Working with Data Formats and Types

Observe is able to ingest a massive variety of data types and help you work with them directly. The first step of working with that data can often be to change format to make it easier to read. The second step is usually to change type to improve its performance. In this document we will review tools for both tasks.

Parsing Data Formats

It’s not uncommon for data to come in large blobs of structured JSON or CSV, which then must be parsed for the specific fields needed.

Given a small blob, such as a CSV of "key","value" or a JSON of {"key":"value"} the OPAL parse_csv or parse_json functions can be ideal. These will render the structured blob as a string.

Alternatively, you may need to extract a specific value. Clicking the column header in a worksheet or Explorer view will give you an Extract from option, such as Extract from JSON. Using this option lets you select one or more values from a structured data set to extract, optionally setting the data types as well. This is an ideal path for extracting specific data blocks, especially because it automatically removes formatting objects like quotes and brackets.

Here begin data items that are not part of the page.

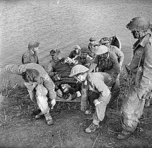 The 1st Battalion, London Irish Rifles formed part of the 1st London Infantry Brigade, itself part of the 1st London Division. In November 1940 the battalion transferred to the 2nd London Brigade, which was soon renumbered as the 168th (London) Infantry Brigade, due to the division's redesignation as the 56th (London) Infantry Division. From the outbreak of the Second World War in September 1939 until late July 1942, the battalion was in training, mainly in southeast England. The battalion left England in August 1942 to serve in the Middle East. In April 1943 the battalion, together with the rest of the 168th Brigade, was temporarily transferred to the 50th (Northumbrian) Infantry Division and fought in the Allied invasion of Sicily, codenamed Operation Husky, in July/August. The battalion, as part of the 168th Brigade, returned to the 56th Division in Italy in October, and took part in major actions during the Italian Campaign at Fosso Bottacetto south of Catania, Monte Camino, Monte Damiano, the Garagliano crossing during the first Battle of Monte Cassino and Aprilia (Anzio), and at the Gothic Line, and, transferring back to the 167th Brigade, the battalion played a leading role in the final Allied offensive in Northern Italy during April 1945.[12] In the month that they spent fighting in the Anzio beachhead, the 1st Battalion's casualties totalled 600 officers and other ranks killed, wounded and missing. Some 700 men of the London Irish Rifles were killed in action during the Second World War.[12]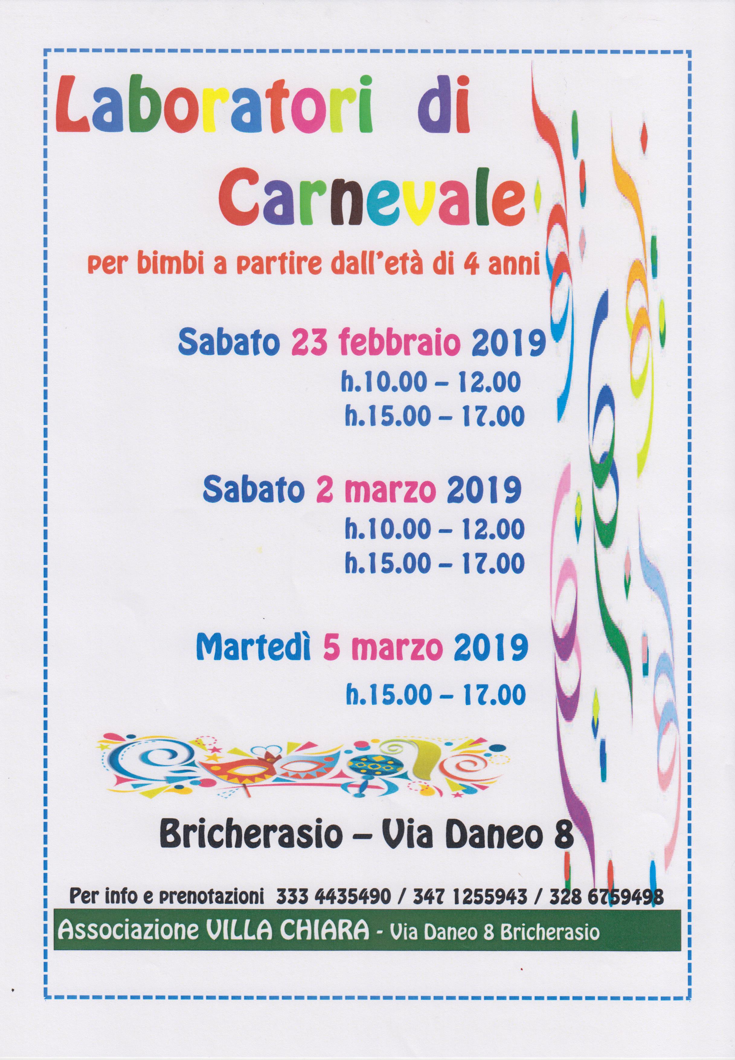 L'Associazione Villa Chiara di Bricherasio propone a cavallo dei mesi di febbraio e marzo tre appuntamenti con i laboratori di Carnevale per bimbi a partire dai 4 anni. Gli incontri sono fissati per sabato 23 febbraio e sabato 2 marzo dalle ore 10 alle 12 e dalle 15 alle 17. Ultimo incontro martedì grasso 5 marzo dalle 15 alle 17 nella sede dell'Associazione in Via Daneo, 8 a Bricherasio. Maggiori informazioni da Marisa 333/4435490, Federica 347/1255943 oppure Elisa 328/6759498.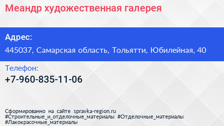Меандр, художественная галерея по адресу 445037, Самарская область, Тольятти, Юбилейная, 40 в дальнейшем Организация, размещена в следующих категориях:

A JSON blob may contain several nested objects, which will be indicated in the Extract from JSON user experience by numbers. For instance, this blob has a top level “tempoOperators” object, flags, and then a series of unnamed objects with their own children.

{
  "tempoOperators": [
    {
      "flags": [
        "OperatorFlagsTempoGraphOutput",
        "OperatorFlagsTempoStageRoot"
      ],
      "inputOperatorSerialIds": [
        1
      ],
      "name": "presentation_simple_order",
      "opalSource": null,
      "operator": {
        "col_order": [
          "link_41207219_1",
          "accountId",
          "link_41207281_2",
          "loadBalancerArn",
          "link_41207276_3",
          "targetGroupArn",
          "Monitor",
          "SampleValue",
          "Valid From",
          "Valid To",
          "Importance",
          "Description",
          "Kind",
          "MonitorName"
        ],
        "name": "presentation_simple_order"
      },
      "serialId": 18
    }
  ]
}

The JSON extraction tool for this blob shows tempoOperators as a top level, 0 as a level below it, and subsequent levels below that.

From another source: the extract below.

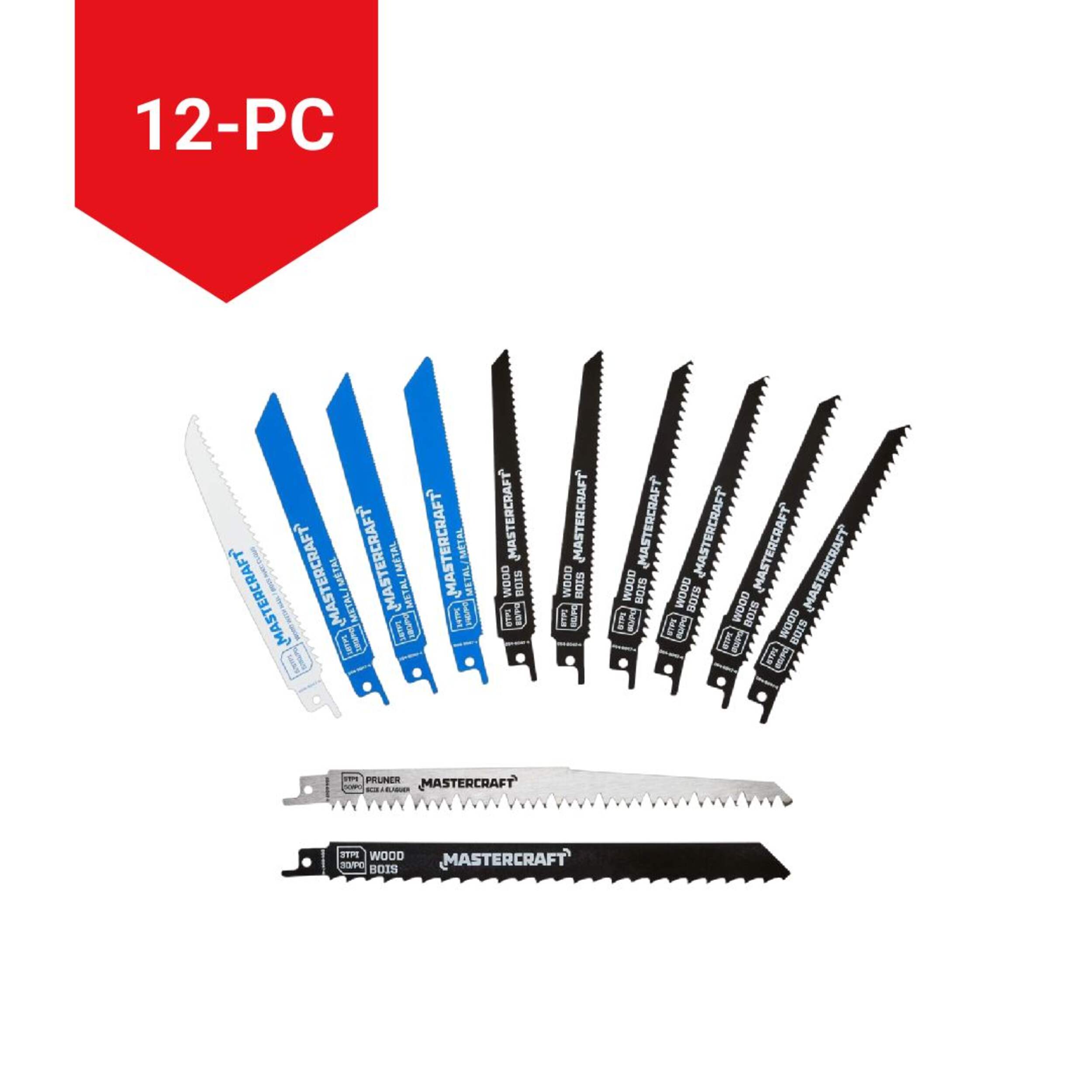 Handle any DIY project with ease using the versatile Mastercraft Reciprocating Saw Blade Set. Each cut off saw blade in this set is durably designed to cut through metal and all types of wood grains, up to 4" (10 cm) thick. These impeccably constructed blades make short work of pipe, rebar and ferrous metal over 3/16" (0.47 cm), plus thick and non-ferrous metal up to a thickness of 1/8" (0.32 cm).

Extracting a nested column from JSON

Extracting a nested column from JSON

By selecting name we can extract a String column:

name

presentation_simple_order

presentation_rollup

presentation_stats

Manually selecting columns in this way may be tedious given a large blob. There are OPAL verbs that can assist with automatically extracting columns:

Setting Data Types

Observe will attempt to guess at data types, but it is not always able to succeed. Because performance is greatly improved when the proper type is known, care should be taken when making a Dataset or Monitor to ensure that data types are correct.

If Observe is unable to detect the correct data type, Variant will be used; this is effective for discovery, but will not perform as well as a more accurate type such as String or Int64. See OPAL Data Types and Operators for more detail.